__Supplied records__:
--- --- ---

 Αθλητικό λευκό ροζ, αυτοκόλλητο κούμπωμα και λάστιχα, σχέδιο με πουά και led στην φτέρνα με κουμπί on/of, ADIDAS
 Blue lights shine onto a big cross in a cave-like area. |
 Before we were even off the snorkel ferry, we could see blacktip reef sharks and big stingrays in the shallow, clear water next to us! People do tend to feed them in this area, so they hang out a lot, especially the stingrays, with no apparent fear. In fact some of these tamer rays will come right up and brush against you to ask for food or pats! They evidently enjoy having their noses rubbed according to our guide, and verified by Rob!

--- --- ---

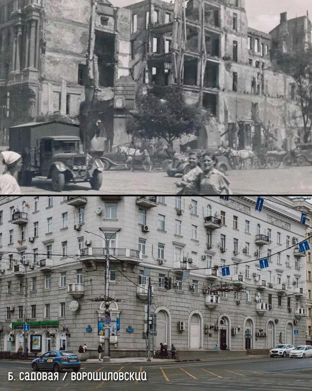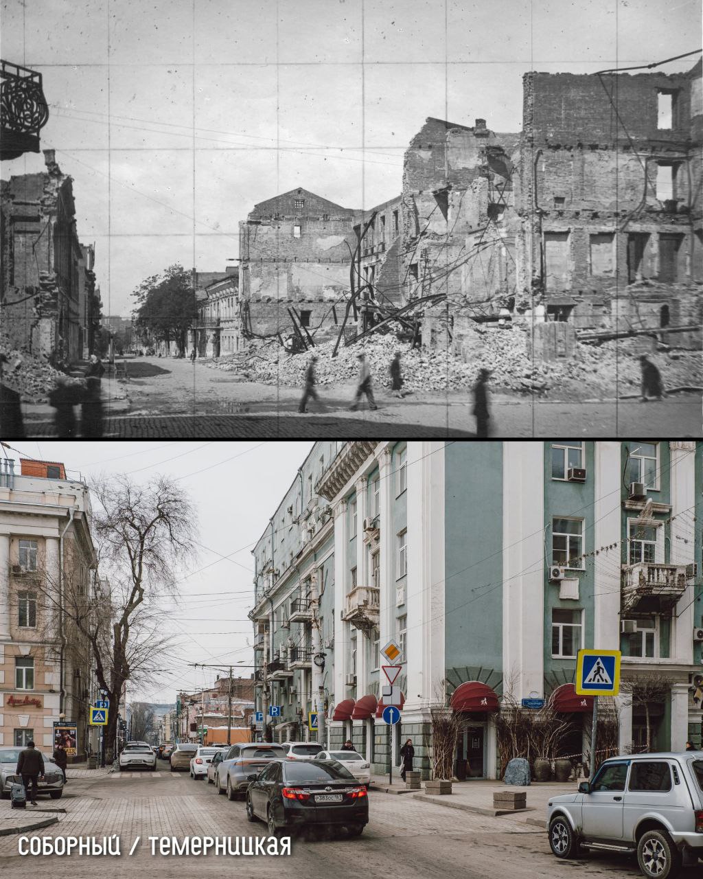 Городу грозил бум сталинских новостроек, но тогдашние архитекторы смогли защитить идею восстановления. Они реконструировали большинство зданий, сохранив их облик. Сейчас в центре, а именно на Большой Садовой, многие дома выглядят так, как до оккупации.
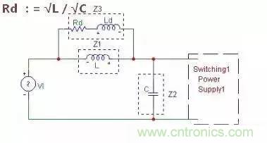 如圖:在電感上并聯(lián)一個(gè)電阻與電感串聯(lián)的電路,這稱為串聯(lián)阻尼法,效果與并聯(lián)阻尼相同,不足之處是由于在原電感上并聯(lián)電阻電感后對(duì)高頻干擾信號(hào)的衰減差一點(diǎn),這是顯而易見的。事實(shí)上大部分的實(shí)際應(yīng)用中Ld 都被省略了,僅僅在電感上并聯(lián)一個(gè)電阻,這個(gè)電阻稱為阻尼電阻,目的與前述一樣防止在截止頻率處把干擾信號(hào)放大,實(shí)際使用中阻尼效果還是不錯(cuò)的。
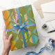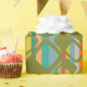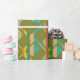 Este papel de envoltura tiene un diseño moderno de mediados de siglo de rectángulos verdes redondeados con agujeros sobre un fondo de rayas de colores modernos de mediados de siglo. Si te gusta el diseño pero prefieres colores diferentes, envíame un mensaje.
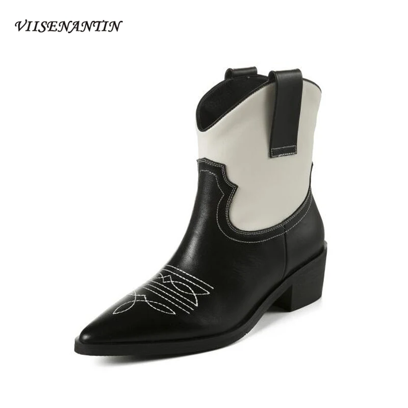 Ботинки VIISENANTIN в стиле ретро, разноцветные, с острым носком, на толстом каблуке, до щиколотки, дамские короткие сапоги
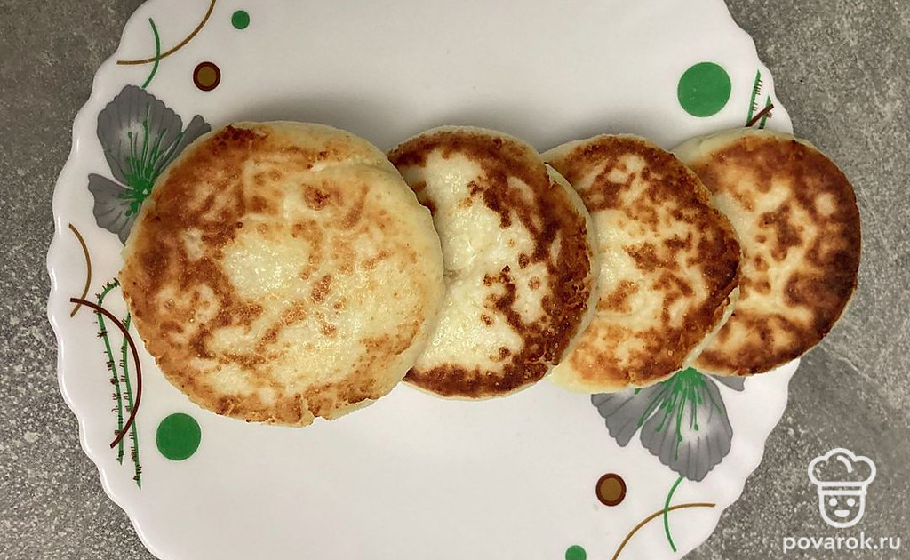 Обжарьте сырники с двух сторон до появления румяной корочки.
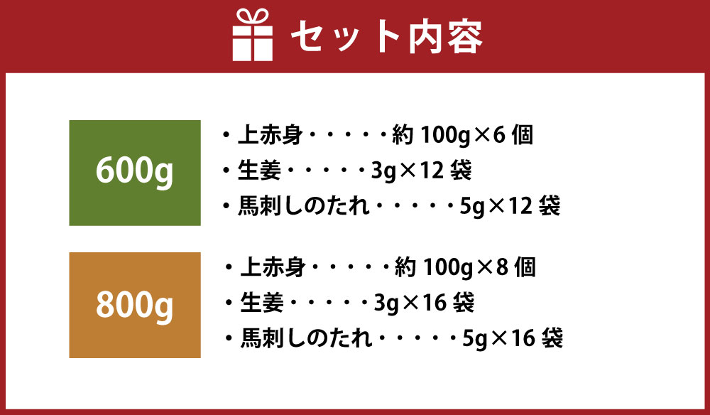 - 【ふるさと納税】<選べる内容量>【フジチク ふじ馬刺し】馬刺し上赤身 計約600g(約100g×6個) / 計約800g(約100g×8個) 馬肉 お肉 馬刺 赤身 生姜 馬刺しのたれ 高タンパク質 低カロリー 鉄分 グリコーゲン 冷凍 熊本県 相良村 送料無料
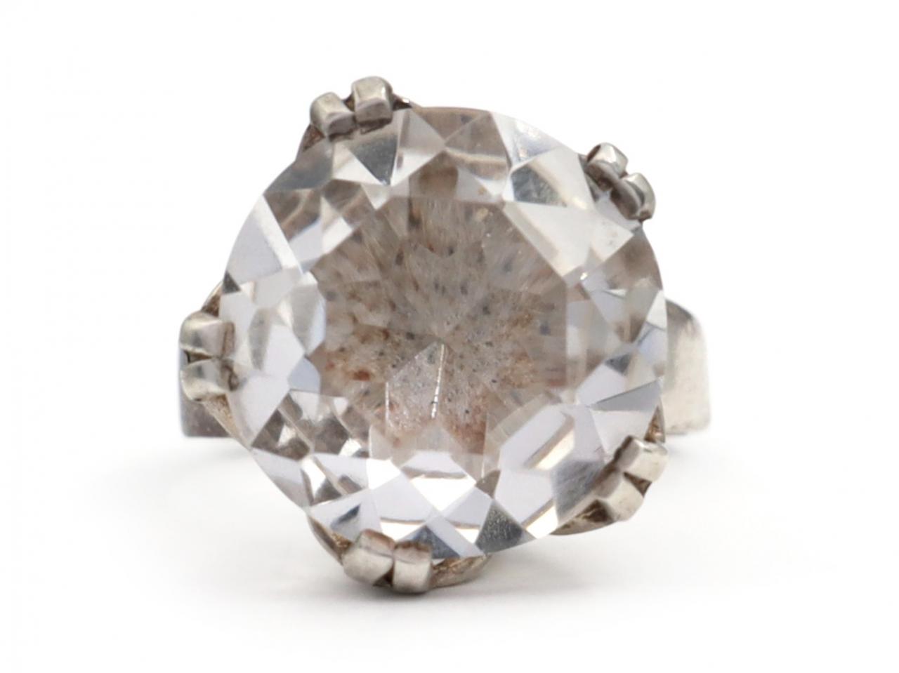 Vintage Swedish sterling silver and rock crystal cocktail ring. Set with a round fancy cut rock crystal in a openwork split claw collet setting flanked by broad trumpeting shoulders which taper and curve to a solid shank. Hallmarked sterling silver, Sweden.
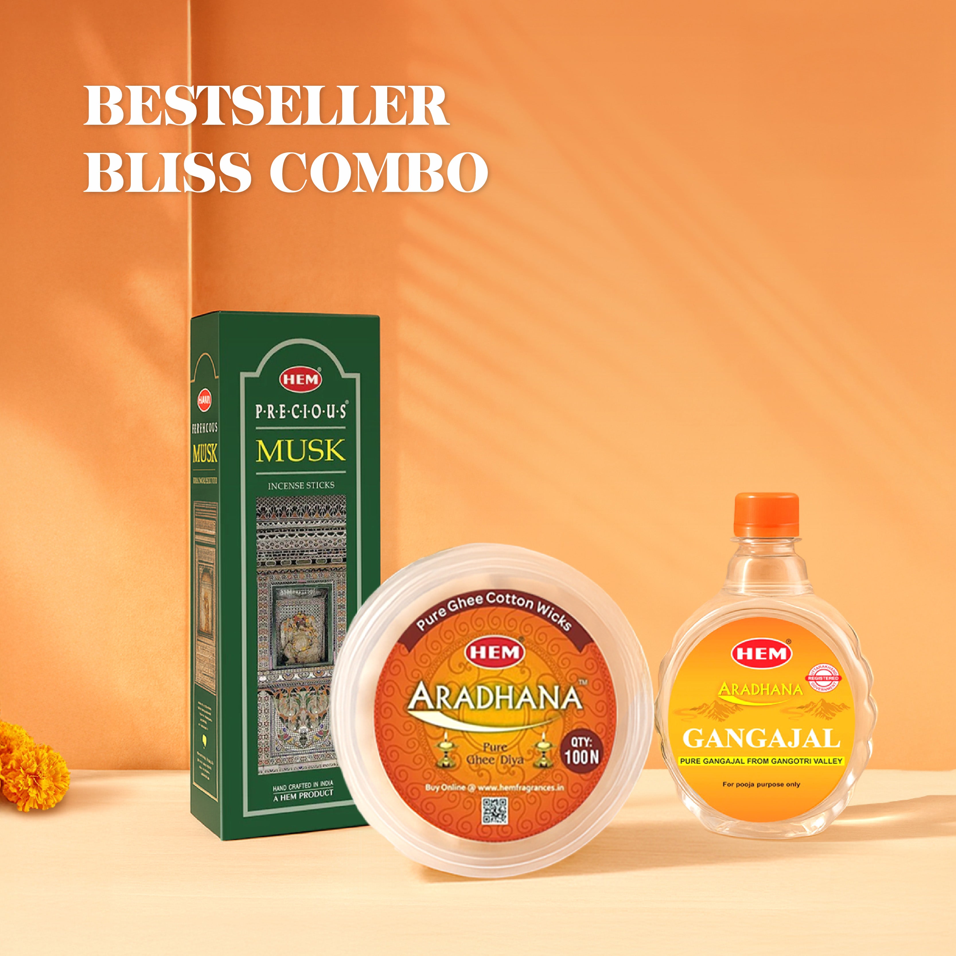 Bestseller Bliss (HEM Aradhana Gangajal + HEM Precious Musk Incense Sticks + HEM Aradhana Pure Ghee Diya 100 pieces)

--- --- ---

__Activity__:
The data above holds the lines to copy: start at the one with "Обжарьте сырники с", stop at the one with "Bestseller Bliss (HEM", include both, copy them exactly without pictures, and copy nothing else.

__The completed task__:
 Обжарьте сырники с двух сторон до появления румяной корочки.
 - 【ふるさと納税】<選べる内容量>【フジチク ふじ馬刺し】馬刺し上赤身 計約600g(約100g×6個) / 計約800g(約100g×8個) 馬肉 お肉 馬刺 赤身 生姜 馬刺しのたれ 高タンパク質 低カロリー 鉄分 グリコーゲン 冷凍 熊本県 相良村 送料無料
 Vintage Swedish sterling silver and rock crystal cocktail ring. Set with a round fancy cut rock crystal in a openwork split claw collet setting flanked by broad trumpeting shoulders which taper and curve to a solid shank. Hallmarked sterling silver, Sweden.
 Bestseller Bliss (HEM Aradhana Gangajal + HEM Precious Musk Incense Sticks + HEM Aradhana Pure Ghee Diya 100 pieces)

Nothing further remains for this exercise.